The Clerk shall file this instrument and provide a copy to all counsel and unrepresented parties of record. Within fourteen (14) days after being served with a copy, any party may file written objections pursuant to 28 U.S.C. § 636(b)(1)(C), Fed R. Civ. P. 72(b), and General Order 80-5, S.D. Texas. Failure to file objections within such period shall bar an aggrieved party from attacking factual findings on appeal. Thomas v. Arn, 474 U.S. 140 (1985); Ware v. King, 694 F.2d 89 (5th Cir. 1982), cert. denied, 461 U.S. 930 (1983); Nettles v. Wainwright, 677 F.2d 404 (5th Cir. 1982) (en banc). Moreover, absent plain error, failure to file objections within the fourteen day period bars an aggrieved party from attacking conclusions of law on appeal. Douglass v. United Services Automobile Association, 79 F.3d 1415, 1429 (5th Cir. 1996). The original of any written objections shall be filed with the United States District Clerk.
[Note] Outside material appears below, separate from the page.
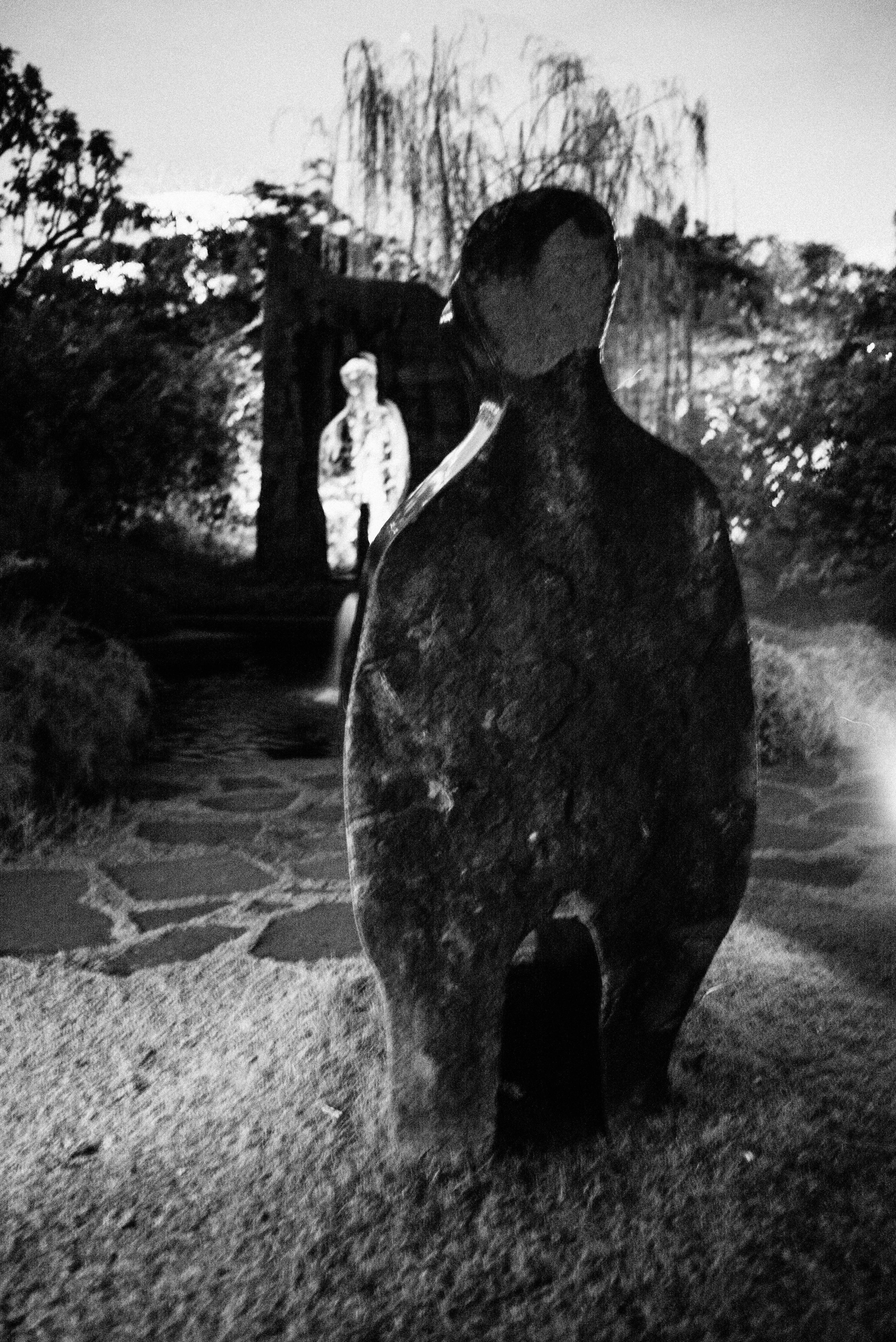 In this haunting black-and-white photograph, a stone figure stands robustly in the foreground, its dark surface contrasting with the ethereal glow of a figure in the distance. Soft lighting filters through the surrounding foliage, creating an air of mystery and introspection. The composition invites viewers to ponder the connection between the solid and the ephemeral, enhancing the mood of quiet contemplation.

See Order of Interim Suspension, No. PDJ-2018, dated July 11, 2018 (Ariz. July 11, 2018), a copy of which is attached as Exhibit 3 to Doc. No. 8. Although Plaintiff has primarily focused his litigation on state and federal courts in the Ninth Circuit, he has recently availed himself of federal courts in Texas. Given the multiplicity of suits filed by Strojnik, which may suffer the same lack of standing issue addressed herein, it may be that Strojnik should be treated as a vexatious litigant. See, e.g., Tex. Civ. Prac. & Rem. Code § 11.001, et seq.; Alliance Riggers & Constructors, Ltd. V. Restrepo, No. 3:14-cv-00408-DCG, 2015 WL 966324, at *2 (W.D. Tex. Jan 8, 2015).